No answer came from the Time Lord, but the look he gave her frightened Vicki to the core. She knew that look. It was the same look he had when they realized what the Daleks were doing to the human colony on Winter, or when they found out that Steven was dispersed on Shade chased by the Chaons. It was the most desperate look she ever saw in her life, a look that said that everything was lost, that what they witnessed was just too horrible to be even thought about.

"My child," said the Doctor eventually, gathering all his strength, "have you ever heard the story of Troilus and Cressida?"

"That is the name Troilus knows me by," said Vicki in an atone voice. The Doctor took a long breath and clapped his hand in anguish, lowering his head for a moment before speaking.

“It is one of the myths connected to the Trojan War. Troilus, prince of Troy, the youngest son of Priam, falls in love with Cressida, daughter of Chalcas the seer, who has passed to the Greeks. He is reciprocated, but her father sends for her, and Priam accepts giving her to the enemy. Troilus goes looking for her in the camp, only to discover she betrayed him for Diomedes, the Greek warrior she had been given as a slave. Distressed and disheartened, he goes to fight, and he dies in battle by the hand of Achilles, while trying to avenge his brother, Hector.”

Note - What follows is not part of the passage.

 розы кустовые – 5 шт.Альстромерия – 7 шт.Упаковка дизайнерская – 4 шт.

Silence fell as Vicki took a step away from the Doctor, her brain trying to process what he just told her. Was he… no, there was no… but then… “W-what are you trying to say?” she finally asked.

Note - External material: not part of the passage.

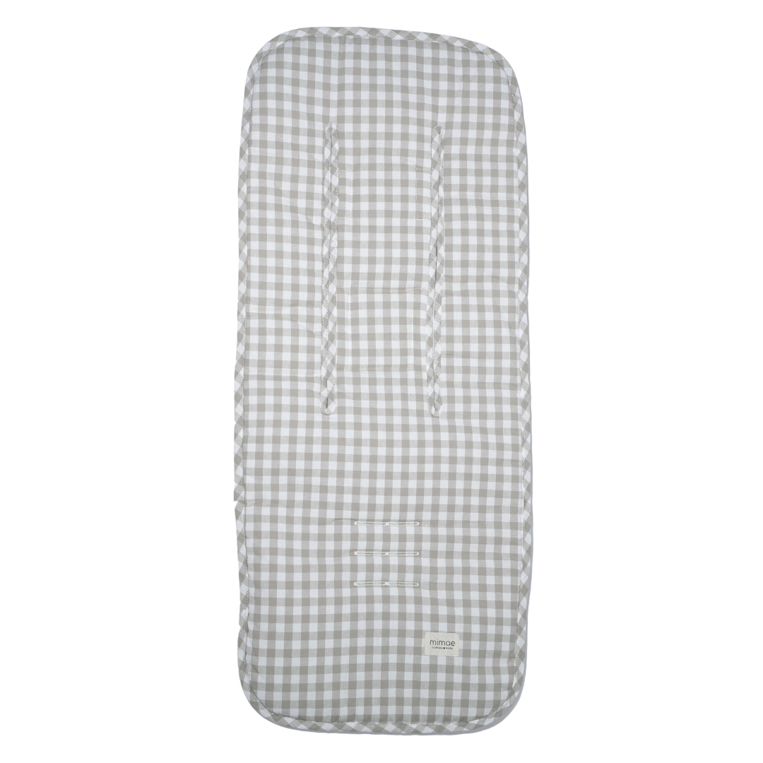 Colchoneta universal para sillas de paseo. Mulliditas tienen una guata de grosor medio y el trasero en tejido Maya 3D acolchado y transpirable. Tienen dos ojales verticales y tres ojales horizontales para que puedan adaptarse a diferentes tipos de silla. Sistema de enganche mediante goma y lazos. Estampado vichy beige.

“Ever since we landed here, the people we met acted like their counterpart in Greek myths, and even if they did not speak and behave as the legends say, their actions have all followed the patterns of the legend. We landed during the duel between Achilles and Hector, and Hector was slain in front of us. I met Odysseus and gave him the idea of using the wooden horse to conquer Troy, and look, the city has been burned. Diomedes is already dead, but Steven took his armour and his name and… well, you as Cressida obviously showed affection for him…”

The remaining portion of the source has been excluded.